This is a summary of common probability distributions in engineering and statistics. This chart has the plots of the pdf or pmf (LaTeX source):

discrete distributions

binomial distribution

  • A big urn with balls in either white or black color. Drawing a white ball from urn has probability \(x\) (i.e., black ball has probability \(1-x\)).
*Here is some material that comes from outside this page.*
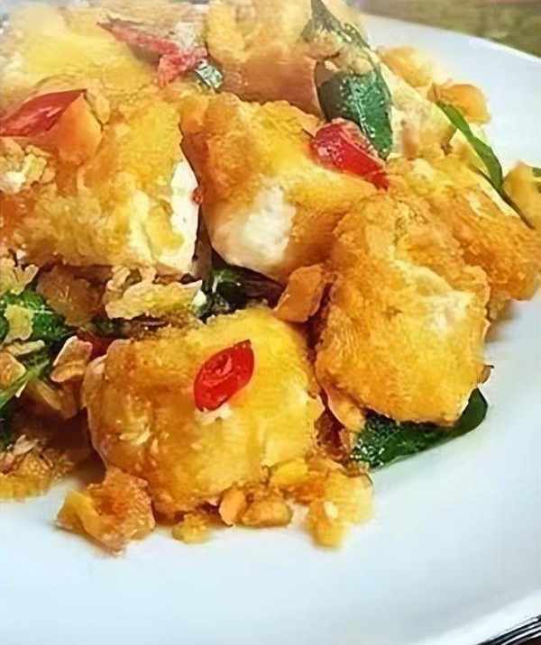 最後加入炸過蛋豆腐續炒,起鍋後撒上蔥花即可

If we draw \(n\) balls from urn with replacement, the probability of getting \(k\) white balls:
\[f(k; n, x) = \binom{n}{k} x^k (1-x)^{n-k}\]

Poisson distribution

  • Balls are added to the urn at rate of \(\lambda\) per unit time, under exponential distribution. The probability of having \(k\) balls added to the urn within time \(t\):
\[f(k; \lambda t) = \frac{(\lambda t)^k e^{-\lambda t}}{k!}\]

geometric distribution

  • The probability of have to draw \(k\) balls to see the first white ball being drawn:
\[f(k; x) = (1-x)^{k-1} x\]

negative binomial distribution

  • same as the distribution of the sum of \(r\) iid geometric random variable
  • negative binomial approximates Poisson with \(\lambda = r(1-x)\) with large \(r\) and \(x\approx 1\)
  • Drawing balls from the urn. If we have to draw \(k\) balls to see the \(r\)-th white ball (we have drawn \(r\) white balls and \(k-r\) black balls). The probability of \(k\):
\[f(k; r, x) = \binom{k-1}{k-r} x^r (1-x)^{k-r}\]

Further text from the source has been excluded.